**Task instructions:** Scan the records below for the line with "Once it’s done, remove" and the line with "Le pendentif présente", and retype that range exactly, both ends included, pictures excepted.

**Study material:**
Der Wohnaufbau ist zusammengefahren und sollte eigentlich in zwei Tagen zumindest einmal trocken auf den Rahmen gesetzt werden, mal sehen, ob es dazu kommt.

==

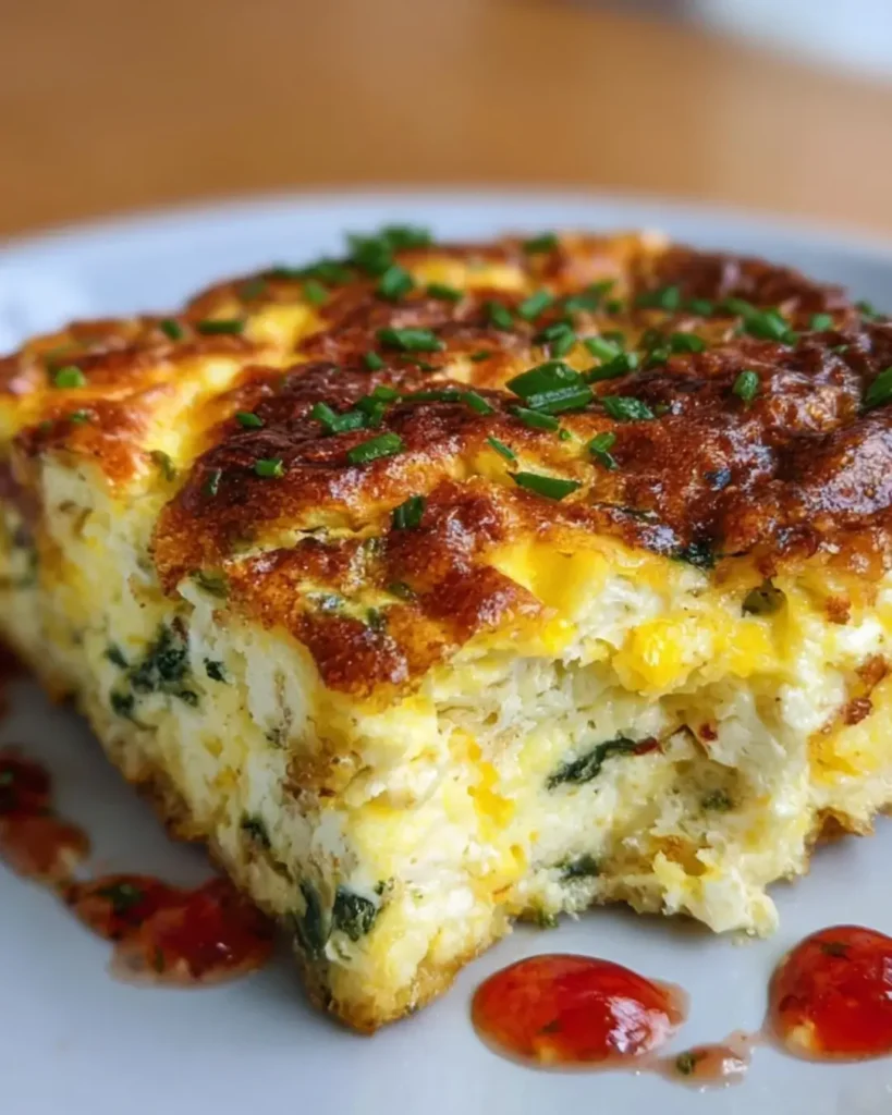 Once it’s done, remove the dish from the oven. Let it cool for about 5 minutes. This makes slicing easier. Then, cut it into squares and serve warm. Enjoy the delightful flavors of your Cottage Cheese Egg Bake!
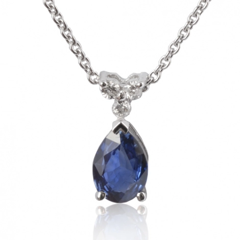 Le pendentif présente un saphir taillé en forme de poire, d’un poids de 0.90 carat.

**Result of the task:**
 Once it’s done, remove the dish from the oven. Let it cool for about 5 minutes. This makes slicing easier. Then, cut it into squares and serve warm. Enjoy the delightful flavors of your Cottage Cheese Egg Bake!
 Le pendentif présente un saphir taillé en forme de poire, d’un poids de 0.90 carat.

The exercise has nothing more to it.